Work instruction: For the listing below, the answer is an exact retyping of the lines from the one with "關(guān)于2016年度" through the one with "Ziyarette Dernek Başkanı", both included, without pictures.

Given records:
--- START ---
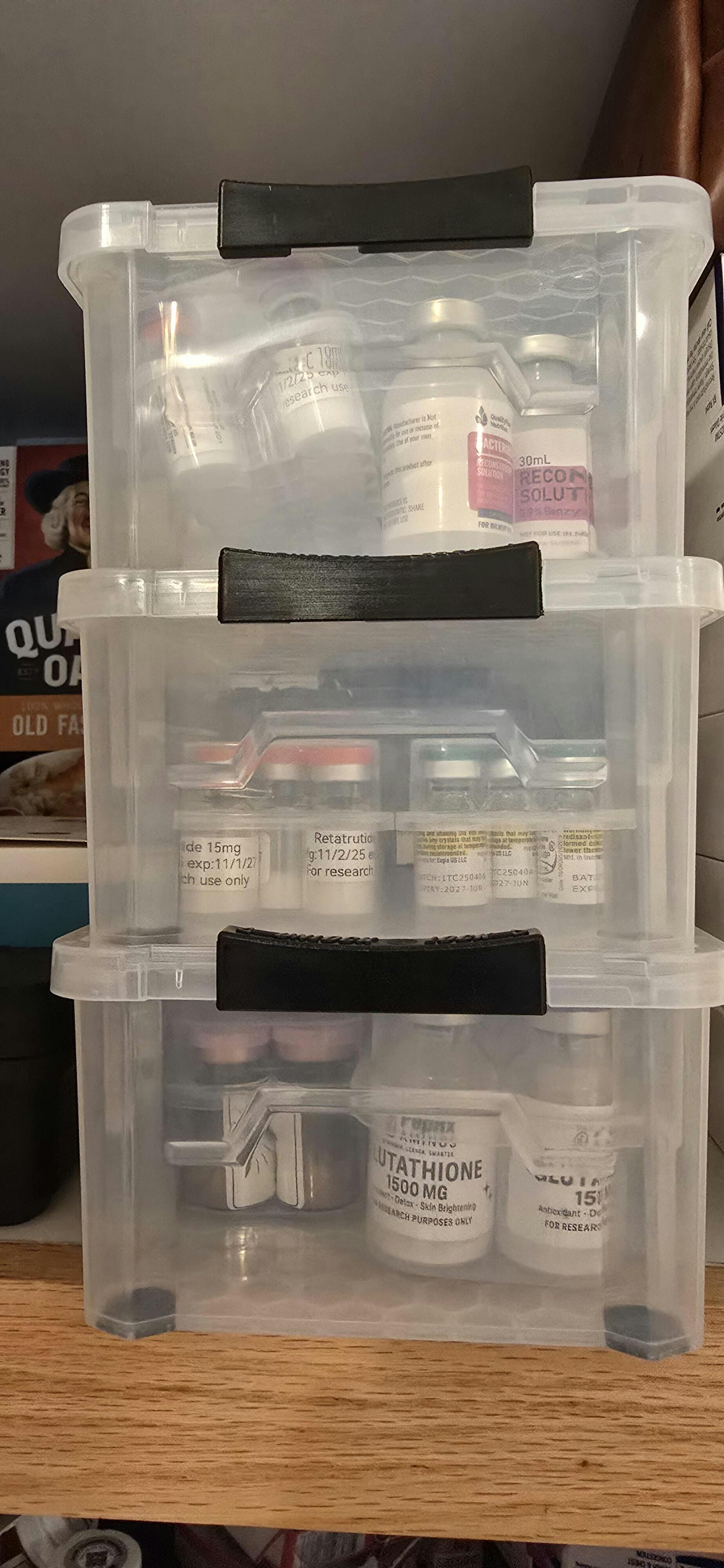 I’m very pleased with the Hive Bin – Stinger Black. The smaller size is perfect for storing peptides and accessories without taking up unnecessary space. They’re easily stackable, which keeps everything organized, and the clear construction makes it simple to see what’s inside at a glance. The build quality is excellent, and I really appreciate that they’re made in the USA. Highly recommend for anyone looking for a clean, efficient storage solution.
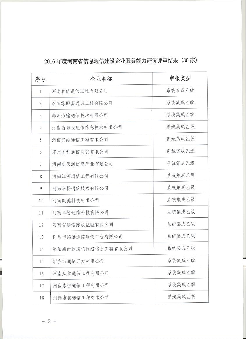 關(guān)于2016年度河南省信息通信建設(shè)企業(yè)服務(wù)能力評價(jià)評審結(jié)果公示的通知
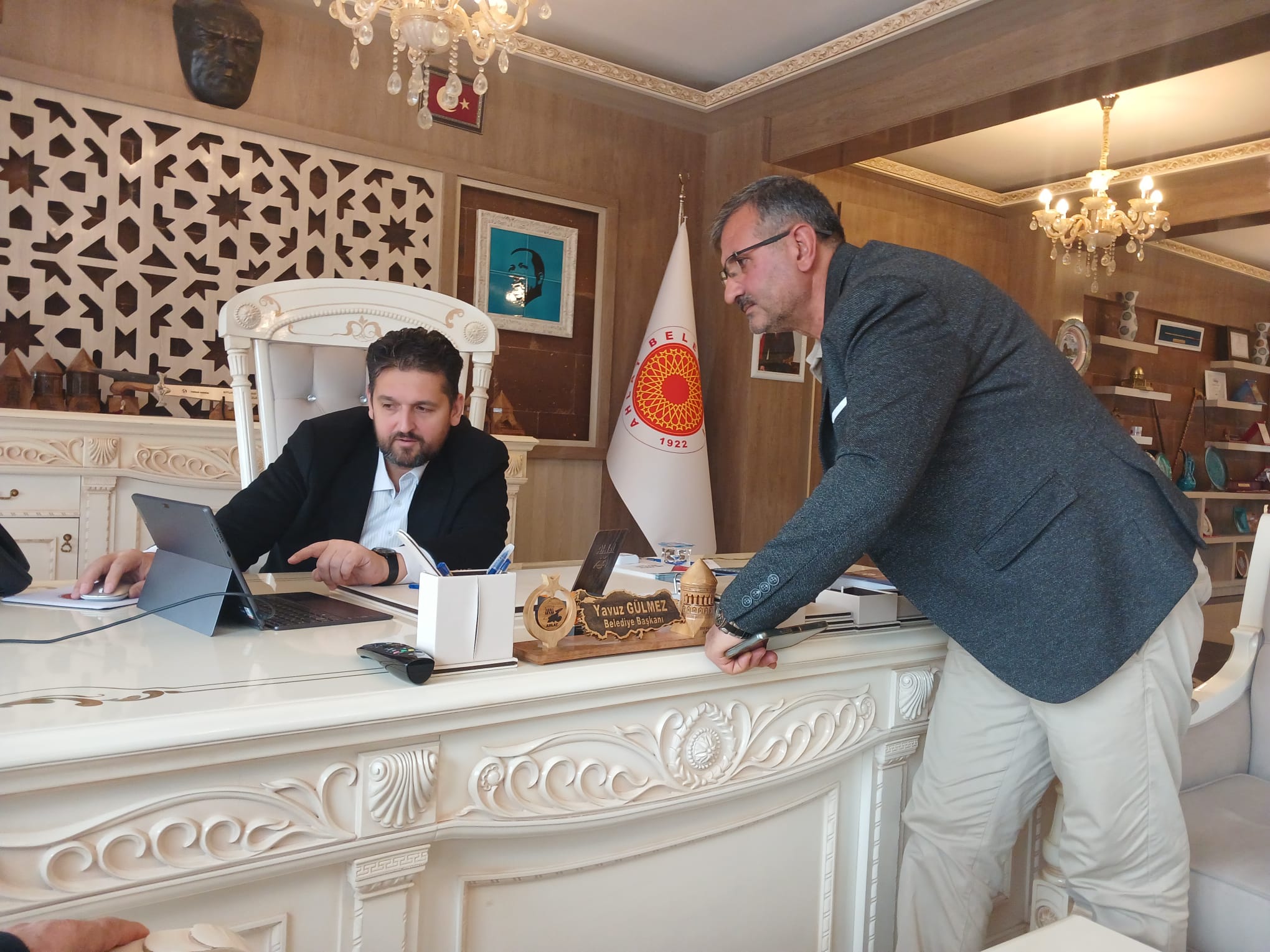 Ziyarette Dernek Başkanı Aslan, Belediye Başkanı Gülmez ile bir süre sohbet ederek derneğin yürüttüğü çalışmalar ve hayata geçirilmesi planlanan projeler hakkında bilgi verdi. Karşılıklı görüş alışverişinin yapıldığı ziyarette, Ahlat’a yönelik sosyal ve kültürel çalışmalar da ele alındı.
--- END ---
--- START ---
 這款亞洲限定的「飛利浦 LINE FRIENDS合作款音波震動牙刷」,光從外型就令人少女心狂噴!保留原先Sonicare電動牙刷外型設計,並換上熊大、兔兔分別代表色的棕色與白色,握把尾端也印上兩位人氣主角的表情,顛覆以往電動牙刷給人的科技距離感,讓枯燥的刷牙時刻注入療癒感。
--- END ---
Answer to this exercise:
 關(guān)于2016年度河南省信息通信建設(shè)企業(yè)服務(wù)能力評價(jià)評審結(jié)果公示的通知
 Ziyarette Dernek Başkanı Aslan, Belediye Başkanı Gülmez ile bir süre sohbet ederek derneğin yürüttüğü çalışmalar ve hayata geçirilmesi planlanan projeler hakkında bilgi verdi. Karşılıklı görüş alışverişinin yapıldığı ziyarette, Ahlat’a yönelik sosyal ve kültürel çalışmalar da ele alındı.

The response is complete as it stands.